- **EXCERPTED RECORDS**
- - - - -

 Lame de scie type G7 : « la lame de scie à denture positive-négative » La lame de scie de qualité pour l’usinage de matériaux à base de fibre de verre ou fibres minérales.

- - - - -

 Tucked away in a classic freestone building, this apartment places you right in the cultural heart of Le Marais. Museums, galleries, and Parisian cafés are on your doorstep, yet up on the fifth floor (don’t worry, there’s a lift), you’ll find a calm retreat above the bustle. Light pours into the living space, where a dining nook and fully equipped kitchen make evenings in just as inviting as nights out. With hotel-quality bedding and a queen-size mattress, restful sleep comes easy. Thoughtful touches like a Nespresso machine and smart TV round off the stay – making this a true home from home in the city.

- - - - -

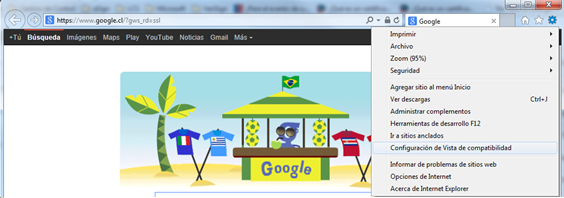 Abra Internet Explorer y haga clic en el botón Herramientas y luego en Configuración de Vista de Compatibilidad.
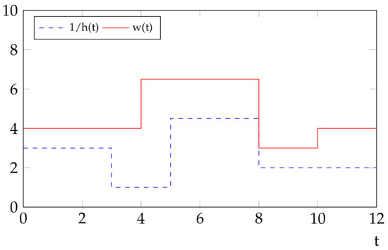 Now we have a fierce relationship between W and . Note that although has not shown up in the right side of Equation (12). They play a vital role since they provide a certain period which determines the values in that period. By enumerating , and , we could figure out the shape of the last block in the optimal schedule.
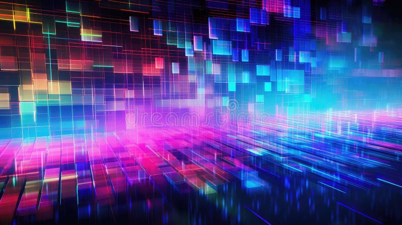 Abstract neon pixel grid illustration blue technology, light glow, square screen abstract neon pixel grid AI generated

- - - - -

- **YOUR OBJECTIVE**
Print, exactly and with no pictures, the lines of the listing above starting at the one that has "Now we have" and ending at the one that has "Abstract neon pixel grid illustration", both included.

- **PROBLEM SOLUTION**
 Now we have a fierce relationship between W and . Note that although has not shown up in the right side of Equation (12). They play a vital role since they provide a certain period which determines the values in that period. By enumerating , and , we could figure out the shape of the last block in the optimal schedule.
 Abstract neon pixel grid illustration blue technology, light glow, square screen abstract neon pixel grid AI generated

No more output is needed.